There was also a 36 per cent increase in the number of financially successful directors of companies, so-called ‘Serious Money’ types, becoming insolvent during 2009.
While the number of County Court Judgments (CCJs) was down across the majority of consumer groups in 2009, the biggest increase was in the ‘Serious Money’ consumer type, which saw its count of CCJs increase by 12 per cent.
Highly educated, high-earning middle-aged professionals saw CCJs increase by six per cent and well- off individuals (typically lawyers, board directors, accountants and tax consultants) living in picturesque rural locations such as South Woodham Ferrers in Essex, Pulborough in West Sussex and Nailsworth in Gloucestershire, saw a five per cent increase.

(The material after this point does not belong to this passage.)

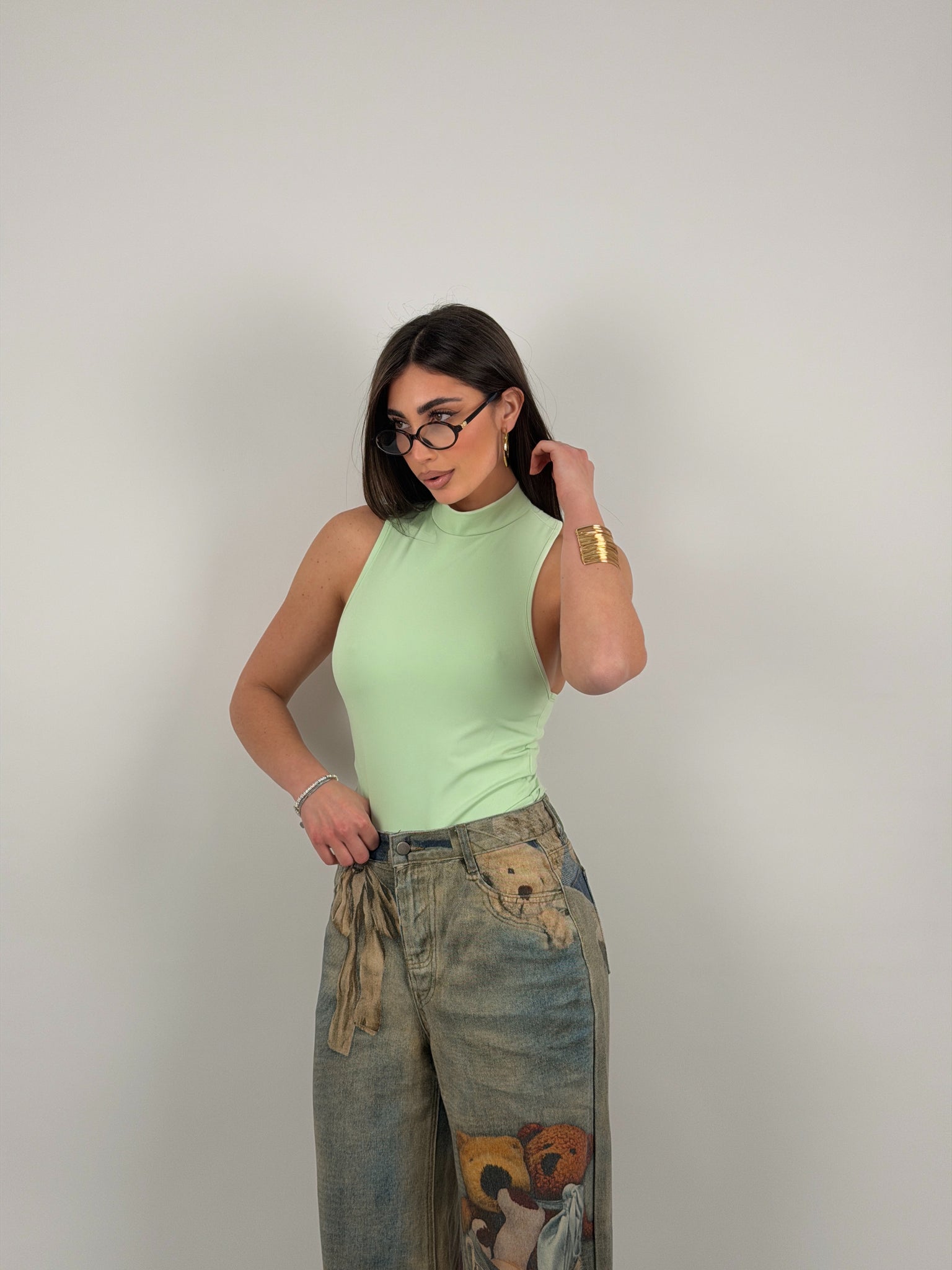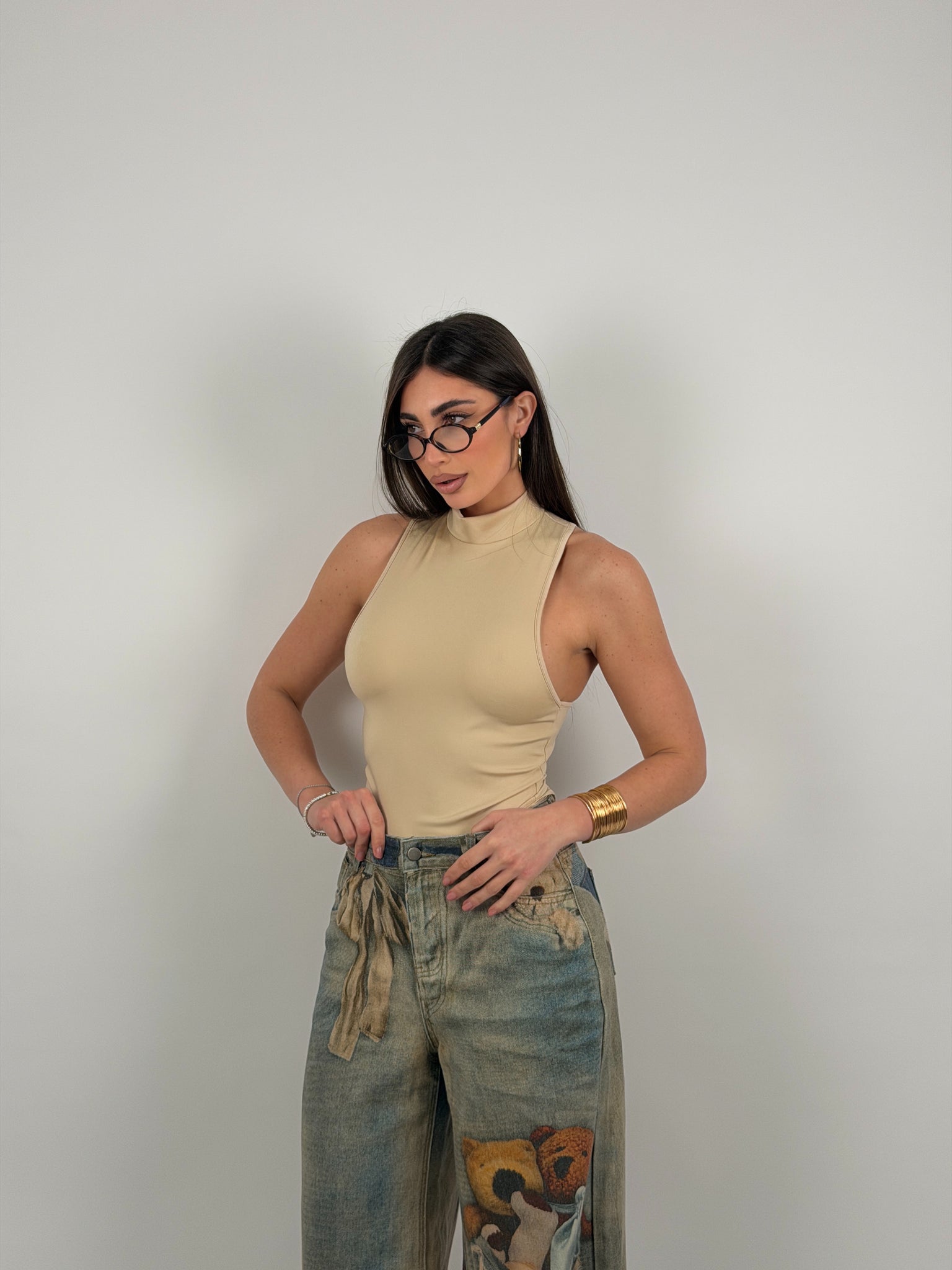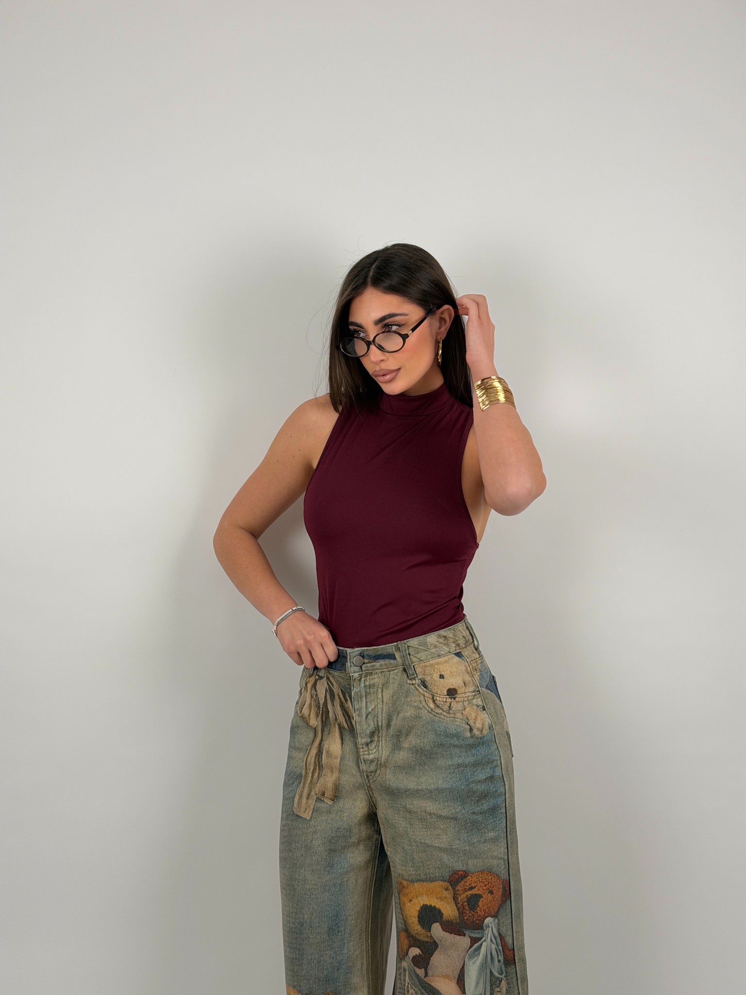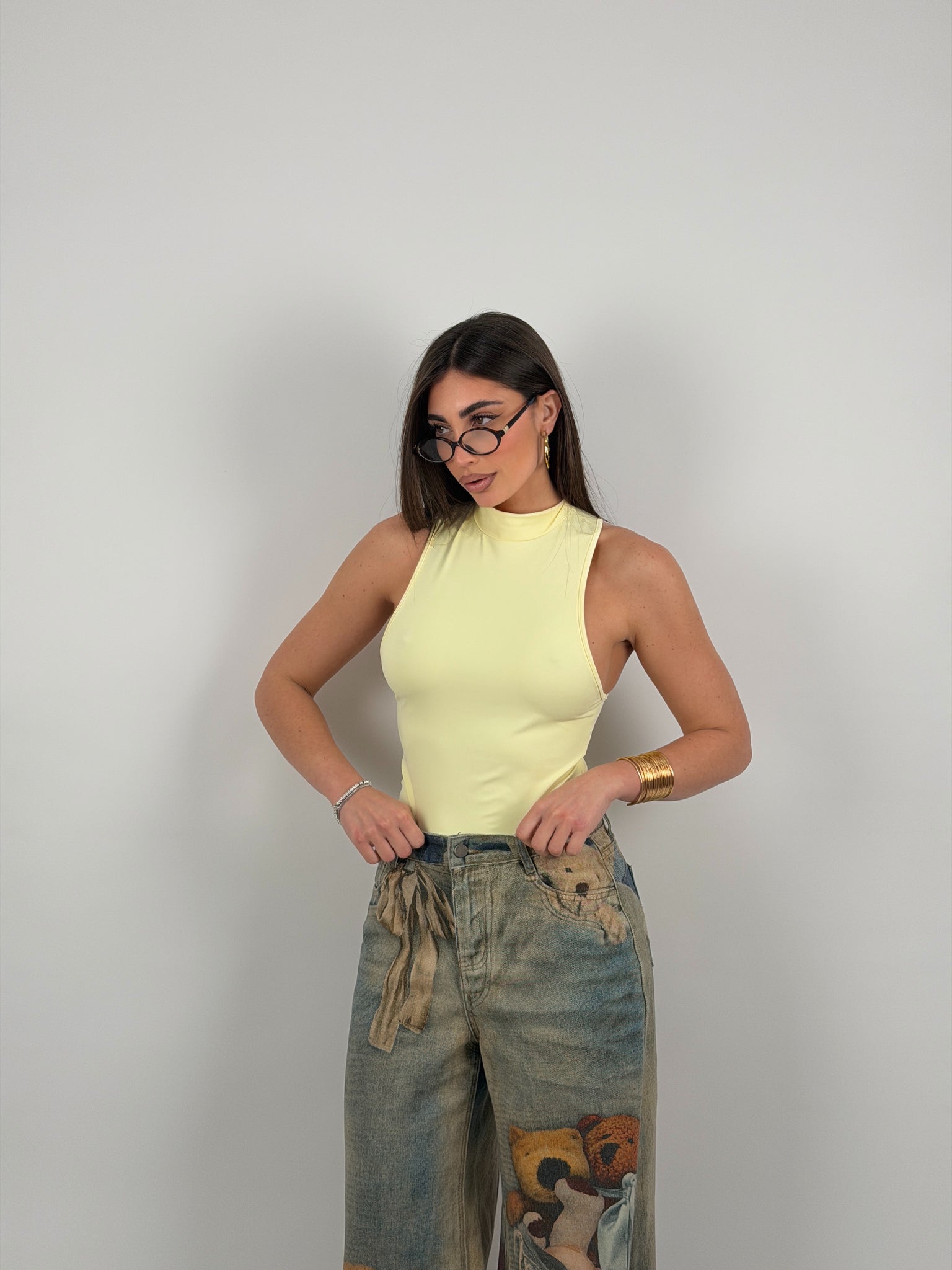 Body di lycra, scollo all’americana, con colletto.
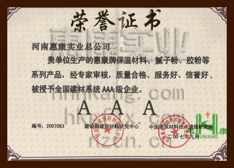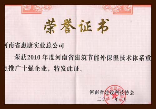 河南省惠康實業(yè)總公司榮獲2010年度河南省建筑節(jié)能外保溫技術(shù)體系重點推廣十強企業(yè)。

Phil Cotter, managing director for credit services at Experian, UK & Ireland, said: "Predicting risk in consumer lending has become more complex, with accounts once correctly considered medium to low risk and profitable increasingly entering collections due to the changing economic climate."
However, the older generation of people living on limited incomes in council estates of Northern and Midland industrial towns faced the highest number of insolvencies. Those living in the so-called" legacy of labour" consumer bracket witnessed a 10 per cent rise to 10,751 insolvencies.
The highest number of personal insolvencies occurred in Torquay, where 10 in every 1,000 adult residents became insolvent during 2009. Llandudno, Irvine, Falkirk and Skegness also saw high concentrations of insolvency, with around eight in every 1,000 residents becoming insolvent.
Hamilton saw the biggest rise in insolvencies, from four to seven in every 1,000 residents between 2008 and 2009, an increase of 57 per cent.